Ultimately I feel like the problem with monorail is that public transit is
primarily a political, not technological, phenomena, and so while there might
be a good idea in monorails, or iterations where it could be combined with
birails to make something truly technologically superior, but it just doesn't
matter.

------
kilroy123
The most insane and frustrating story about failed transportation is the fact
a company offered to build a monorail system in Los Angeles for free!

Then Standard Oil came in and stopped it from happening.

[http://www.monorails.org/tMspages/LA1963.html](http://www.monorails.org/tMspages/LA1963.html)
[https://en.wikipedia.org/wiki/Alweg](https://en.wikipedia.org/wiki/Alweg)

------
Animats
Monorails are being built in many major cities outside North America. Japan
has several large monorail systems. Tokyo alone has three major monorail
lines. China has five systems. Mumbai has a big monorail system. Nigeria has
two monorail systems.
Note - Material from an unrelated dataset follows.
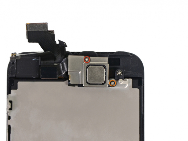 The two screws securing the front-facing camera bracket to the display assembly need to be removed.
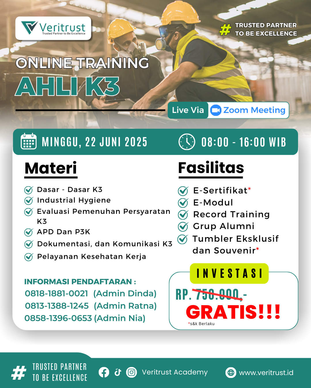 Posted on NAGA Ber42025-07-28Trustindex verifies that the original source of the review is Google. Terimakasih veritrus dan team nya telah memberikan saya pengalaman dan pengerahuan , para admin yang baik dan ramah para trainer yang sangat berkopenten semoga materi materi yang telah saya pelajari bisa jadi ilmu yang bermanfaatPosted on Budi Heryanto2025-07-27Trustindex verifies that the original source of the review is Google. Terimakasih atas pengetahuannya,.. Sukses slalu PT veritrust Terimakasih banyak.Posted on PT. KSU INTI PRIMA2025-07-21Trustindex verifies that the original source of the review is Google. Hari ini saya berkesempatan ikut pelatihan Awareness Ahli K3 yang diselenggarakan oleh Veritrust Academy. Satu kata: mencerahkan. Pelatihan ini benar-benar ngebuka wawasan saya tentang pentingnya penerapan Keselamatan dan Kesehatan Kerja (K3)Posted on Fatih Tazki2025-07-21Trustindex verifies that the original source of the review is Google. tempat pelatihan yang bagus dan menyenangkanPosted on Daffa Raynandra Anindito2025-07-20Trustindex verifies that the original source of the review is Google. menjadi tempat pelatihan K3 yang keren dan dapat meningkatkan kompetensiPosted on Meyta Threeasmawantie2025-07-20Trustindex verifies that the original source of the review is Google. Sangat seru dan berkualitasPosted on Ridho Putra2025-07-20Trustindex verifies that the original source of the review is Google. Terimakasih atas pengalaman dan pelatihan yang diberikan🙏🏻

Moscow has a monorail. (The trains throw the snow off
the beam, raining it on passersby.)

China is putting in their second maglev monorail.

The only new monorail in the US in decades is the one in Vegas.

------
fasouto
I recently moved to Amsterdam and find these cars everywhere
[https://c2.staticflickr.com/6/5259/5389323025_ed108961c6_b.j...](https://c2.staticflickr.com/6/5259/5389323025_ed108961c6_b.jpg)
[https://en.wikipedia.org/wiki/Canta_(vehicle)](https://en.wikipedia.org/wiki/Canta_\(vehicle\))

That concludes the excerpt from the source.